We move the Court to vacate the sale and grant our Request for Emergency Injunction to Postpone Sale. The requested relief would minimize harm to all parties and non-parties and could prevent needless time and expense of future actions.

INTRODUCTION AND BACKGROUND

In March of 2007, Well Fargo loaned us $952,000 on our 3-parcel property. This loan was based solely on land value as our custom built log home was unfinished at the time, and was not considered in value computations.

At the same time, we were presented with a Deed of Trust by Wells Fargo to secure the loan. We refused to sign the illegal Deed of Trust presented because we had a sufficient understanding of the difference in our legal rights with a mortgage versus a deed of trust. The title agent identified in our witness list can confirm we left the closing table, but he called us back a few minutes later and told us Wells Fargo made a mistake and had now sent over the correct paperwork. We walked back in and were presented with a document titled “Mortgage.” Because of our longstanding relationship with Wells Fargo as a financial partner, we signed what we were assured was a mortgage. We have since learned this document was illegal, fraudulently edited, adhesive, and unconscionable.

As the record shows, five years and around a quarter million dollars of monthly payments later, our on time monthly payment was recorded by Wells Fargo on March 1, 2012. HSBC filed their complaint based on a default as of this date in error. Even though we have provided evidence from Wells Fargo this is in error, this fatal flaw and deficiency of HSBC’s Complaint has been prejudicially ignored. Since that time, Wells Fargo obdurately refused all offers of payment and refused all attempts to cure their intentionally created default.
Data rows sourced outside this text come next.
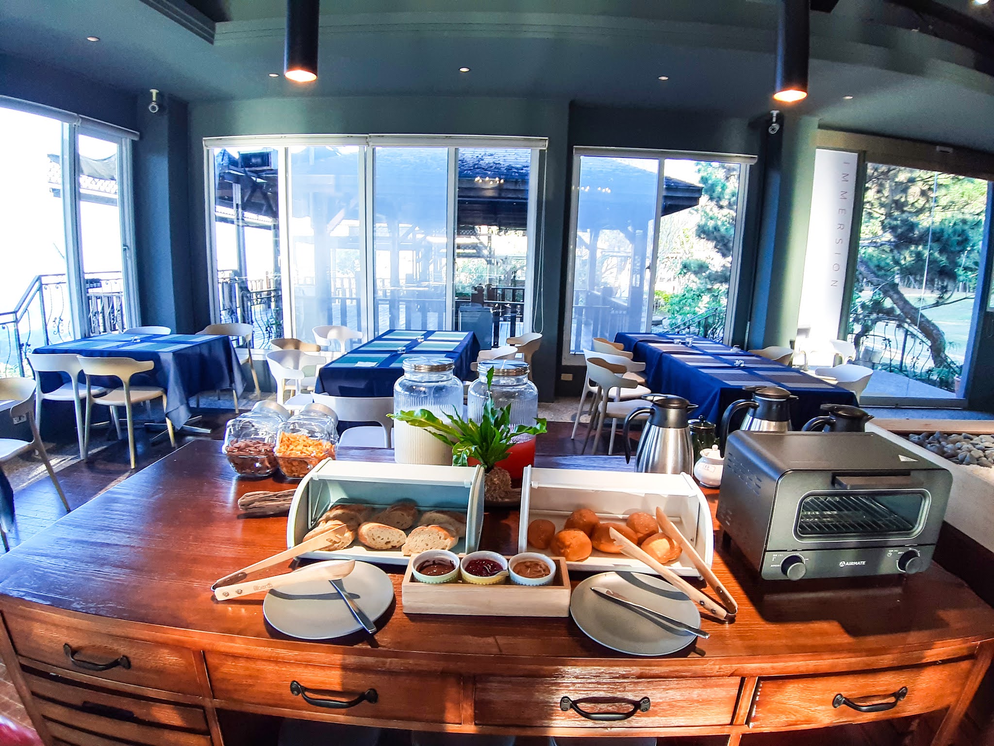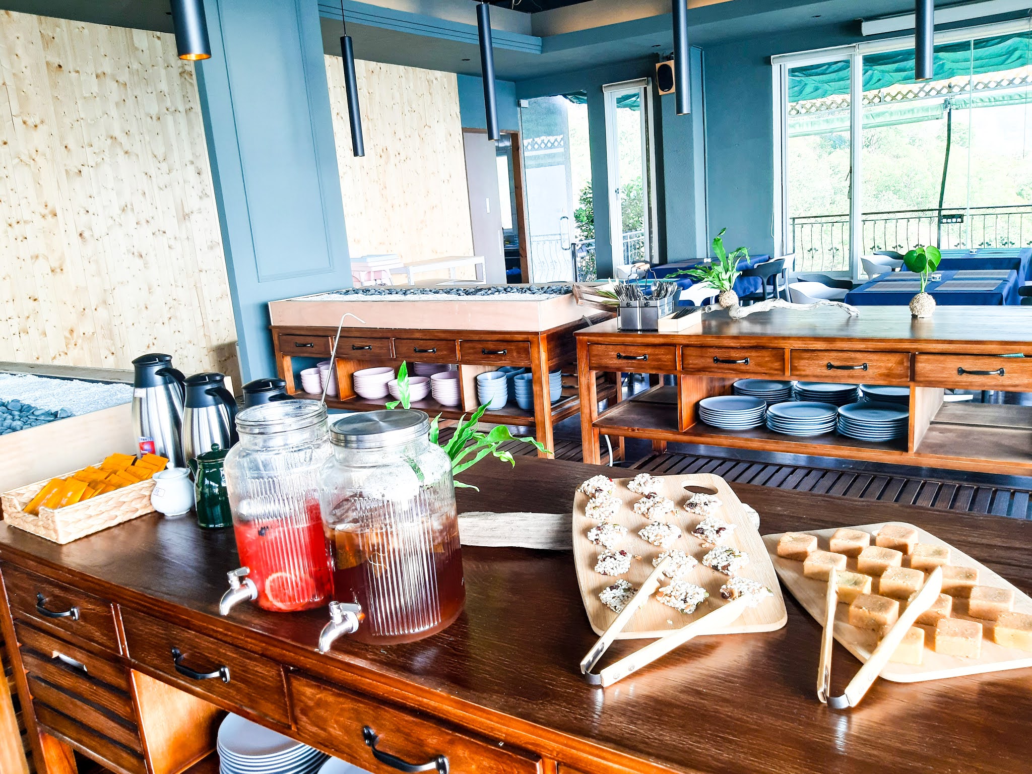 蟬說:山中靜靜︰早餐從8點開始,採Buffet方式有中式清粥小菜、飯糰、西式沙拉、麵包…等一樣很豐盛,最特別是可以自己捏製古早味飯糰,還有好可愛的貓咪生吐司!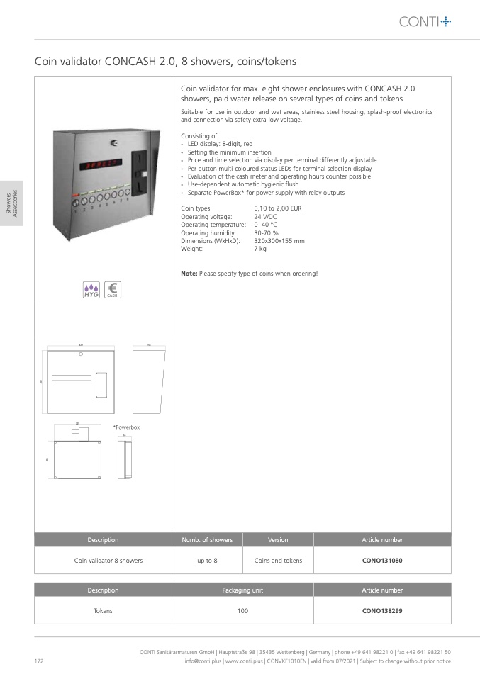 Coin validator for max. eight shower enclosures with CONCASH 2.0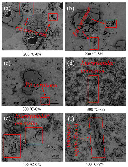 SEM figures of corrosion morphology. (a) Without strain under peak temperature of 200 °C; (b) 8% pre-strain was given at peak temperature of 200 °C; (c) Without strain under peak temperature of 300 °C; (d) 8% pre-strain was given at peak temperature of 300 °C; (e) Without strain under peak temperature of 400 °C; (f) 8% pre-strain was given at peak temperature of 400 °C.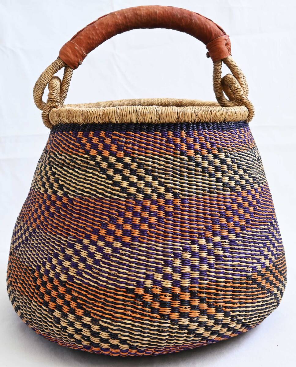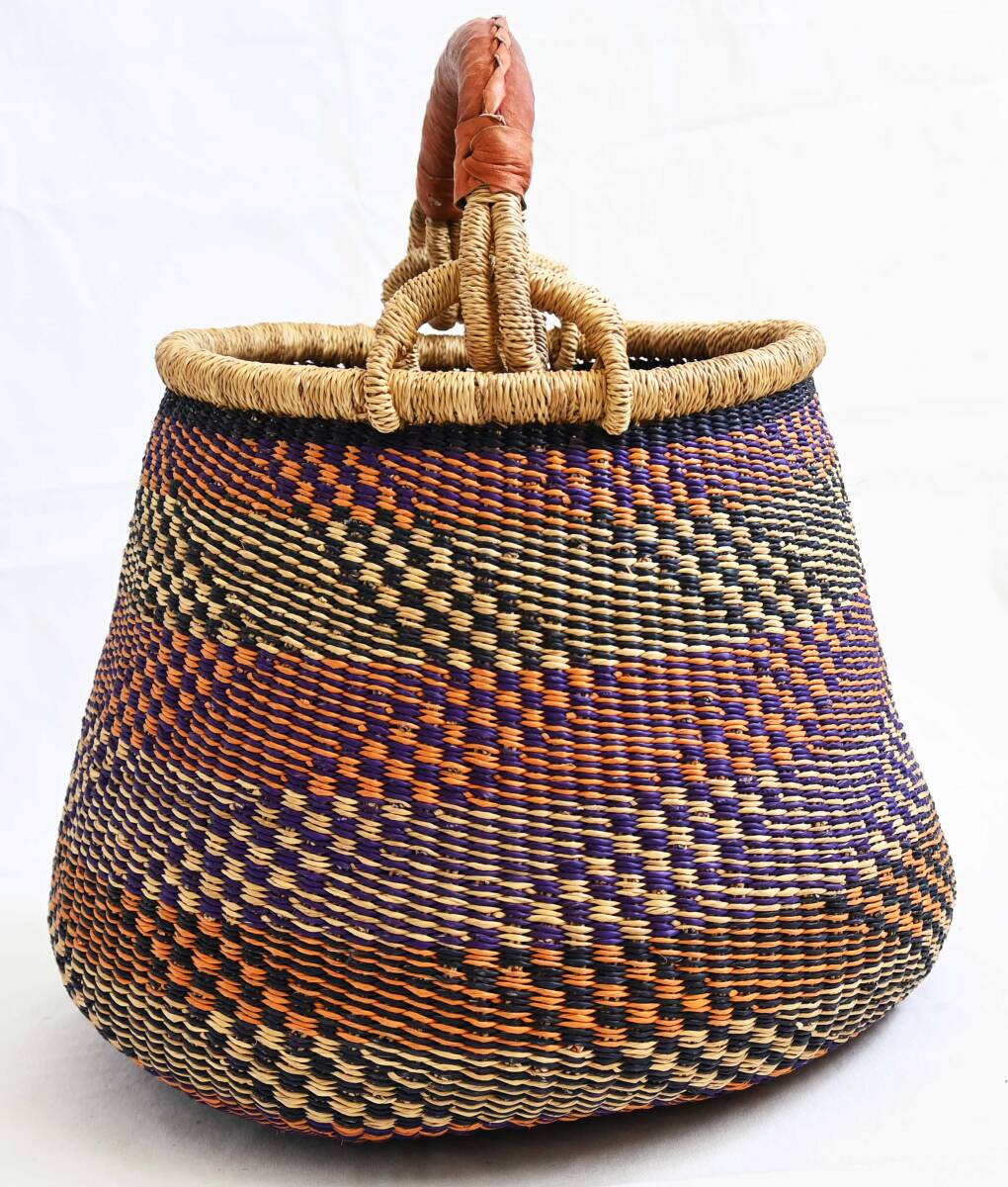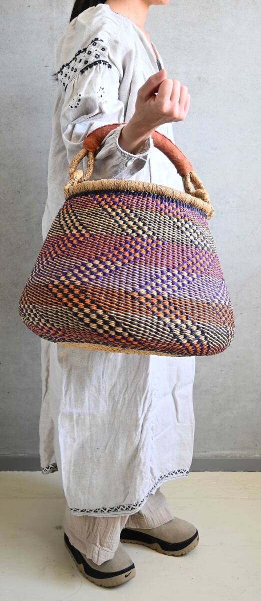 アフリカ・ガーナ北部の州都ボルガタンガで作られるバスケットは、ナチュラルな風合いとアフリカらしいカラフルさで世界中で人気があります。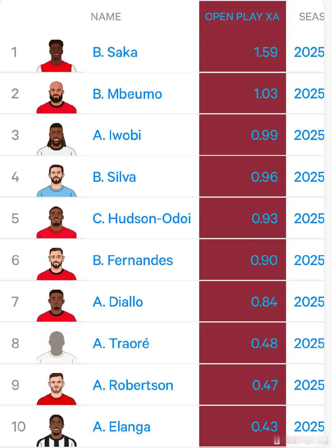 萨卡虽然只踢了400分钟的足球,但在公开赛助攻榜(Open Play XA)上却排名第一。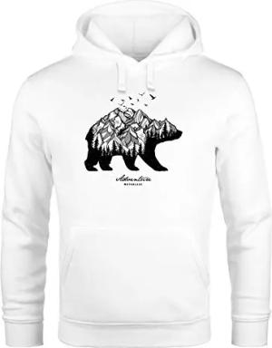 Hoodie Herren Bär Abenteuer Berge Wald Bear Mountains Adventure Kapuzen-Pullover Männer weiß M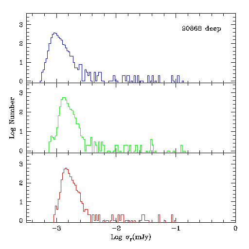 | Figure 1 - Differential counts vs. magnitude for J (top), H (center), and Ks (bottom) bands. 2MASS All-Sky PSC source counts in the same approximate area are shown in the shaded region. | Figure 2 - Photometric uncertainties plotted versus magnitude for J (top), H (center), and Ks (bottom) bands. | Figure 3 - Log 1-sigma noise (mJy) histograms for J (top), H (center), and Ks (bottom) bands. |

Wells Fargo and HSBC have never at any time communicated their willingness to accept payments since that time. All payment attempts even by third party intervenors have been refused.

HSBC’s Brief in Opposition to Defendant’s Request for Emergency Injunction to Postpone Sale stated, “On or about March 4, 2013 HSBC filed this action seeking a Court order declaring the Note and Mortgage to be in default.” As a matter of record and accuracy, this lawsuit was filed on April 1, 2013. HSBC has attempted to play us and this Court as fools to circumvent, trample on, and violate our Constitutional, contractual, and regulatory rights by their legal chicanery ever since. HSBC and their accomplices know we did not default and that we made every payment we were allowed to make. They have collusively attempted to foreclose and steal our hard-earned life savings, time and monetary investments, equity, chosen way of life, retirement, heritage, family home and ranch, and over $500,000 we have tendered to Wells Fargo toward the ownership of our property.

On January 22, 2015, this Court entered its Summary Judgment in favor of HSBC, not its final judgment as stated by opposing counsel their response. This Court granted summary judgment to HSBC by considering challenged, disputed, unauthenticated, and unsworn alleged account records from Wells Fargo, and an unauthenticated alleged default letter that indicates Wells Fargo is the lender, not HSBC. These were attached as exhibits to the Plaintiff’s Brief in Response to Defendant’s Motion for Summary Judgment and Brief in Support of Plaintiff’s Cross-Motion for Summary Judgment and were inadmissible per M.R.E. 803(6), 901, 902, and 1002. Yet, this Court incredulously used this inadmissible evidence to set an unproven and unsubstantiated default amount and determine a non-lender had fulfilled HSBC’s notice requirements under the alleged contract. This Court also inconceivably twisted factual statements made during oral argument that Wells Fargo refused our payments and prevented our performance to mean we admitted we failed to make our payments. Though this prejudicially corrected fatal flaws in HSBC’s false claims of default, unfairly converting our prevention of performance evidence and testimony to mean we had admitted we had not made payments does not align with the truth or the facts of the matter. We did not default. We made our payments. Thus, all truth and facts affirm any existing default or breach in contract was caused solely and entirely by Wells Fargo and HSBC, not by our family.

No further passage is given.